Fair market price verification and compliance ledger check for Ultrasound Diagnostic: Thyroid / Soft Tissue Neck. This national medical baseline tracking benchmark is optimized for regional healthcare billing transparency audits.

* Benchmark estimate calculated based on geographic medians and statutory healthcare compliance standards.
Regional Fair Price
$310.00
Maximum recommended reimbursement baseline

Regional Pricing Compliance & Statutory Audit Standards

Analyzing systemic hospital invoice structures across the Low Moor (VIRGINIA) metropolitan zone uncovers recurring overcharge metrics that heavily impact out-of-pocket patient liability. State-level healthcare transparency reports show that standard patient statements inside Virginia contain severe upcoding errors, hidden facility fees, and duplicate tracking entries.

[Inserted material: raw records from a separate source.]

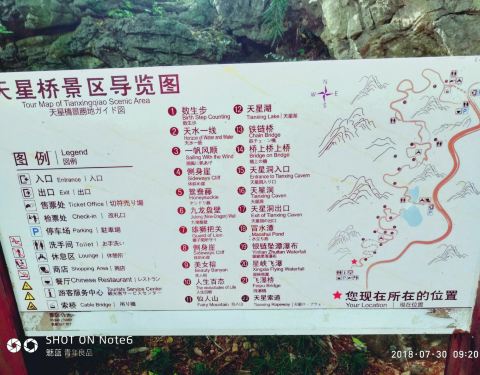 天星桥景区的末尾。 游览结束之后,可以步行出景区,也可以坐缆车出去。建议坐缆车,一方面价格不贵,一方面,走了很久也比较累了,坐缆车可以休息一下,还可以在高空看风景。这一段风景还不错,可以看一下下面的...
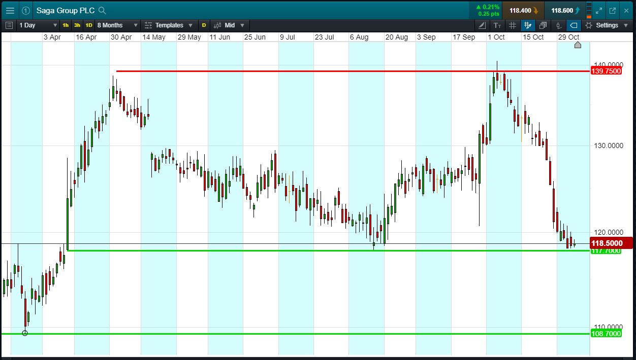 Let’s say you like the Saga chart and you think the price is heading back towards 140p again. You decide to buy exposure to £10,000 worth of Saga using a CFD, at the current price of 118.5p. To do this, you need £2,000.
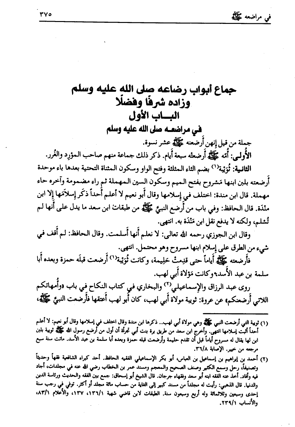 جماع أبواب رضاعه صلى الله عليه وسلم وزاده شرفا وفضلا
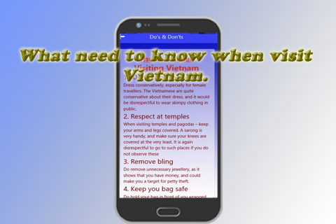 Apps being prepare and ready the booking available for user to come and book their hotels. Search the information of Vietnam and also find the tips when travelling in Vietnam.
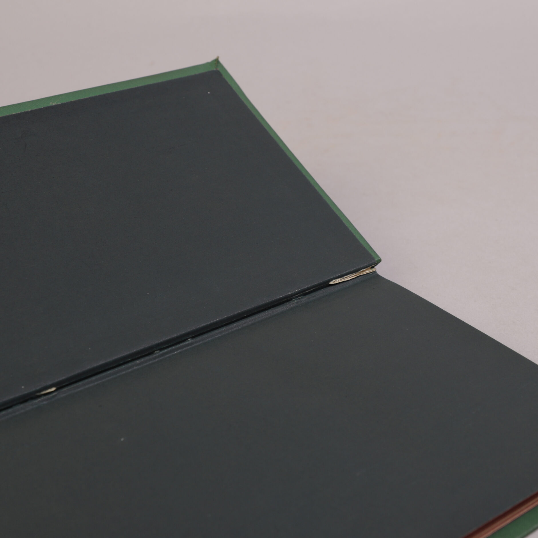 Kun mindre fargeavskrapning langs bindets ytterkanter. For øvrig et meget velholdt eksemplar.

Focus analysis on tracking entries for CPT 76536 (Ultrasound Diagnostic: Thyroid / Soft Tissue Neck) performed at Local Facility reveals that automated billing software regularly unbundles globally approved clinical care packages. While the verified national median compliance baseline for this service settles at $310.00, unadjusted hospital invoices within the Low Moor district routinely spike, fluctuating dynamically between $418.50 up to an extreme ceiling of $821.50. Submitting an account audit based on this regional spread effectively shifts the legal burden of proof back onto the medical center's billing department.

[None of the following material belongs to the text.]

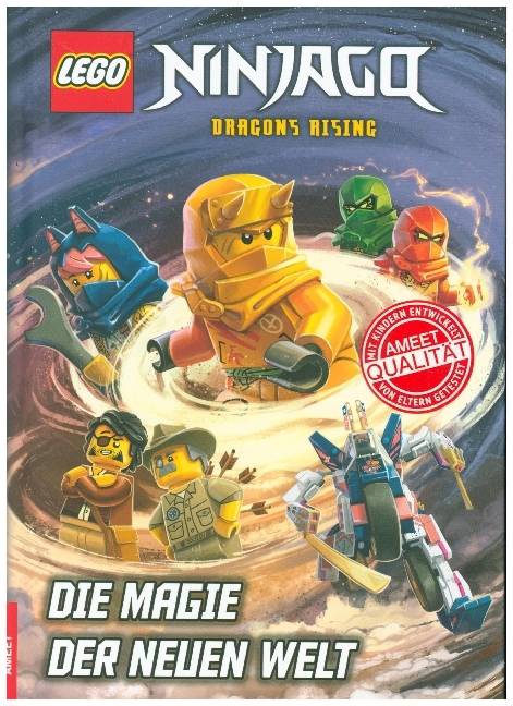 Die Welt von Ninjago steht Kopf Spannendes LesebuchTreue Ninja-Fans erwarten neue aufregende Geschichten aus dem LEGO® NINJAGO® Universum! Denn eine neue Ninja-Generation wächst heran und muss sich beweisen. Für die tapferen Ninja-Helden ist nichts mehr wie es vorher war: Alle bekannten Reiche sind auf mysteriöse Weise mit der Welt von Ninjago verschmolzen. Das bringt einige Herausforderungen mit sich. Neue wie auch alte Helden müssen nun ihren Weg in der neuen Welt finden. So jagt der Entdecker Kevin Kiesel verschollenen Artefakten hinterher, die durch die Verschmelzung der Reiche wieder aufgetaucht sind. Währenddessen arbeiten die Nachwuchs-Ninja Sora und Arin an einem Mech, mit dem Sora ein Rennen gewinnen will. Lloyd und Kai versuchen, die Risse im Boden, die durch das Erdbeben während der Verschmelzung verursacht wurden, zu versiegeln. Kinder ab 6 Jahren können hier ihre Helden bei drei abgeschlossenen Abenteuern begleiten! Dabei werden die von Hand illustrierten bunten Szenen im Buch die Herzen der Ninja-Fans höherschlagen lassen.LEGO, the LEGO logo, the Brick and Knob configurations, the Minifigure and NINJAGO are trademarks of the LEGO Group. ©2023 The LEGO Group.

To establish a defensible foundation for an official billing adjustment, consumers must leverage the Fair Debt Collection Practices Act (FDCPA) consumer credit protection codes as well as the consumer compliance guidelines locked within Section 2799B-6 of the Public Health Service Act (Federal No Surprises Act). Medical groups enforce strict timely filing windows, providing a maximum regulatory limitation of 160 days before the account balance is authorized for hostile transfer to external collection agencies. Take immediate, data-backed control of your medical debt by executing a localized compliance check against our secure regional database right now.